This view is based primarily on Matthew 16:18–19, in which Jesus says:
And I tell you, you are Peter, and on this rock I will build my church, and the gates of hell shall not prevail against it. 19 I will give you the keys of the kingdom of heaven, and whatever you bind on earth shall be bound in heaven, and whatever you loose on earth shall be loosed in heaven. (ESV)
When this concept of "keys" belonging to Peter is combined with the teaching from Revelation 21:12, that the New Jerusalem has walls and gates, it's not a huge leap to see Peter as being the gatekeeper of heaven, who allows entrance to some but not others.
However, this is as explicit as the Bible itself gets on this question. There are a few other sources for Petrine authority, like Matthew 18:18, but the popular image of Peter standing at the pearly gates is a later interpretation or extrapolation of the scriptures. Leading church historian Everett Ferguson identifies a possible source:2
The passage [Matthew 16:18–19] moves from a building, to gates, to keys. A popular image has Peter as the doorkeeper of heaven, deciding admission through the pearly gates to each person at death.

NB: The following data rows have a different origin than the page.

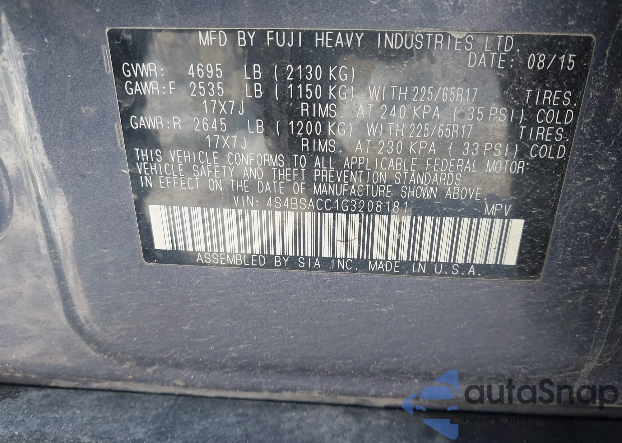 LOT: 43983908 VIN: 4S4BSBNC4F3261569
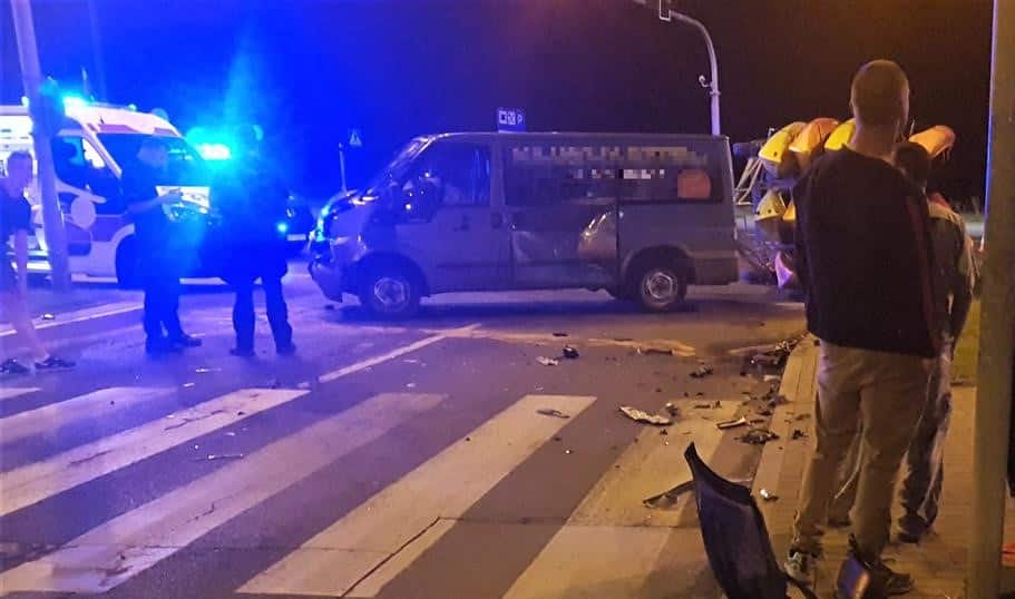 W sobotę (31 lipca 2021) późnym wieczorem na skrzyżowaniu ul. Kościuszki z al. Niepodległości bus przewożący kajaki zderzył się autem osobowym.
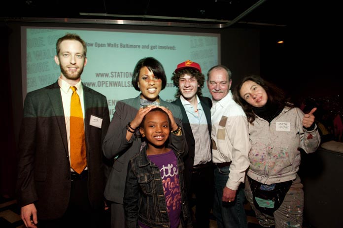Ben Stone (Station North), Mayor Stephanie Rawlings-Blake and Daughter, Gaia, Bill Gilmore (BOPA), and Maya Hayuk
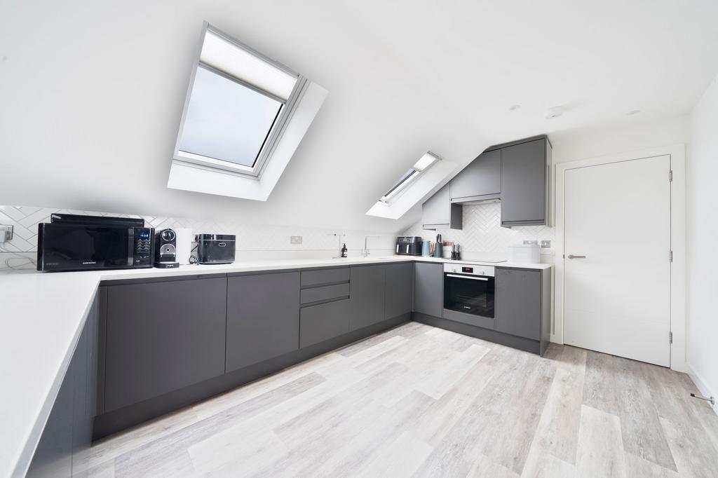 A high-specification three-bedroom penthouse apartment set within a recently developed former Police Station in the heart of the sought-after village of Bottisham, just a short distance from Cambridge. This stylish home offers an impressive open-plan kitchen, living, and dining area featuring high-quality fittings, quartz work surfaces, and integrated appliances, creating a perfect space for modern living and entertaining. The property is beautifully finished throughout, showcasing excellent attention to detail and contemporary design, along with useful and generous storage within the eaves.
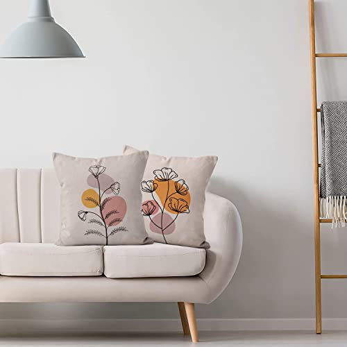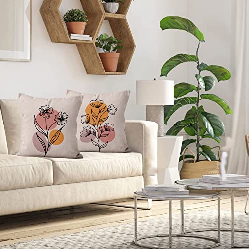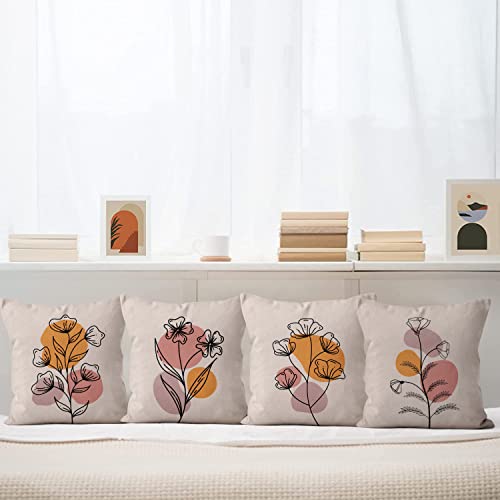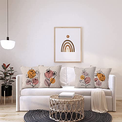 ASDCXZ Boho Kissenbezug 40×40 cm 4er Set, Abstrakt Boho Style Blume Blätter Rose Sofa Kissen Bezug Dekokissen Kissenbezüge Kissenhülle Waschbar Polyester Flachs Textil Outdoor Polster Kopfkissenbezug
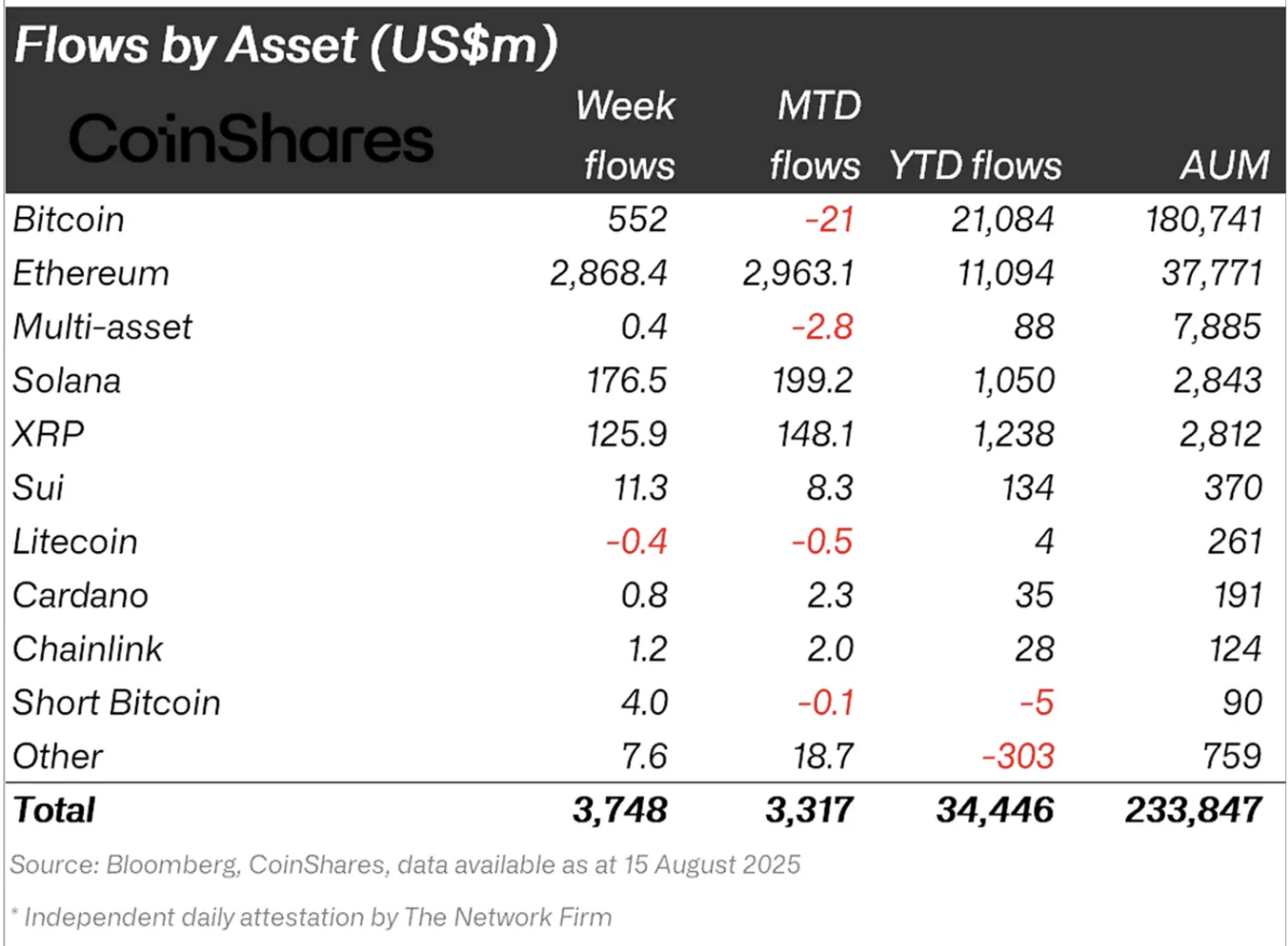 Приток капитала в инвестиционные продукты также отражают растущий оптимизм вокруг ETH. На неделе, завершившейся 15 августа, Ethereum-продукты привлекли $2,86 млрд против $552 млн у биткоина, сообщает CoinShares.
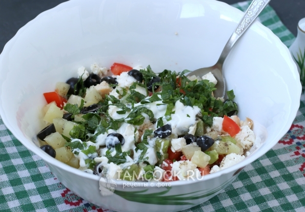 Добавить в салат чайную ложку лимонного сока, йогурт и измельчённую петрушку.
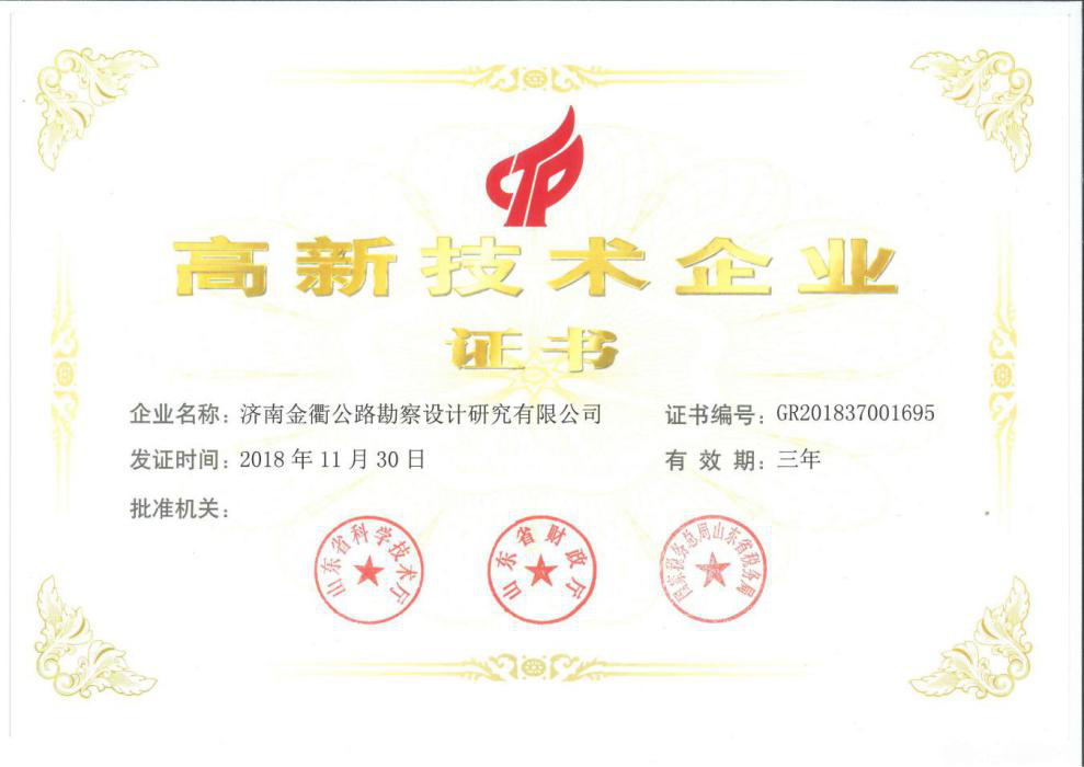 2019年3月14日,金衢公司喜獲由山東省科學(xué)技術(shù)廳、山東省財政廳、山東省國家稅務(wù)局和山東省地方稅務(wù)局聯(lián)合頒發(fā)的高新技術(shù)企業(yè)證書,這標(biāo)志著金衢公司正式邁入國家級高新技術(shù)企業(yè)行列。
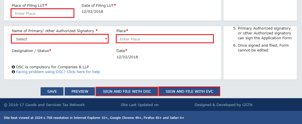 - Step 11: Submit with DSC: Sign the application with the authorized signatory's registered Digital Signature Certificate. To take advantage of this feature, go to 'SIGN AND FILE WITH DSC' > 'SIGN AND FILE WITH DSC' > 'SIGN AND FILE WITH DSC' A message box with a warning appears. 'PROCEED'>Â A one-of-a-kind ARN is generated by the system (Application reference number) (OR)
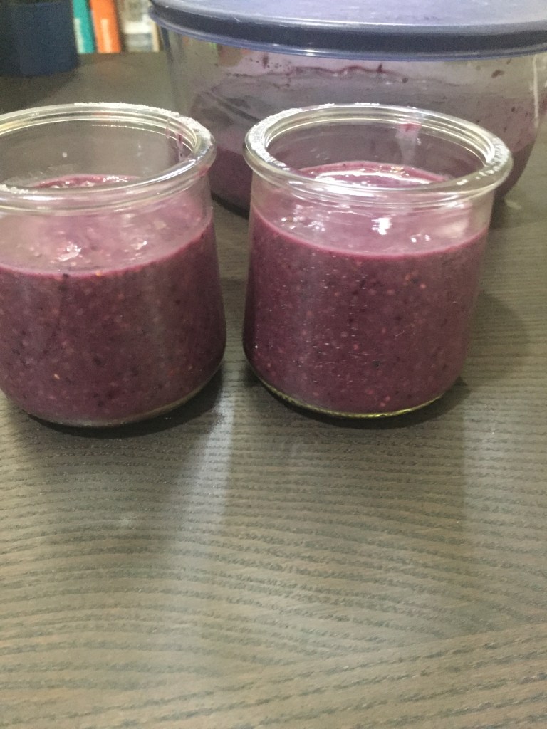Pour in fruit blend. Taste… it is plenty sweet with the fruit, but I wanted a more dessert like taste for this so I added the 1 tbs of honey to the mixture.
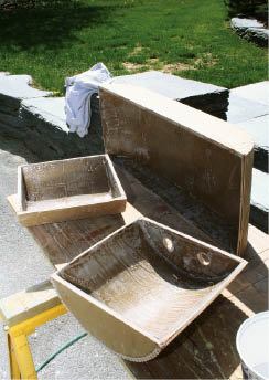 First I sized each rough form so that the mosaic tile layout would fit without any cutting (2). I made the forms from 1/2-inch MDO, kerfing the backs so that they’d bend smoothly around the top and bottom pieces (3). Waterproof wood glue and narrow-crown staples hold the assemblies together.

This understanding of Peter goes back to an early medieval interpretation that identified Peter with a figure in Germanic mythology who was the porter of heaven. (The Church of Christ, 53)
Numerous others make the same connection between the passage and the popular imagery, like Miriam Van Scott in Encyclopedia of Heaven, 208 and Howard Clarke, who ties this imagery to medieval drama (The Gospel of Matthew and Its Readers, 146).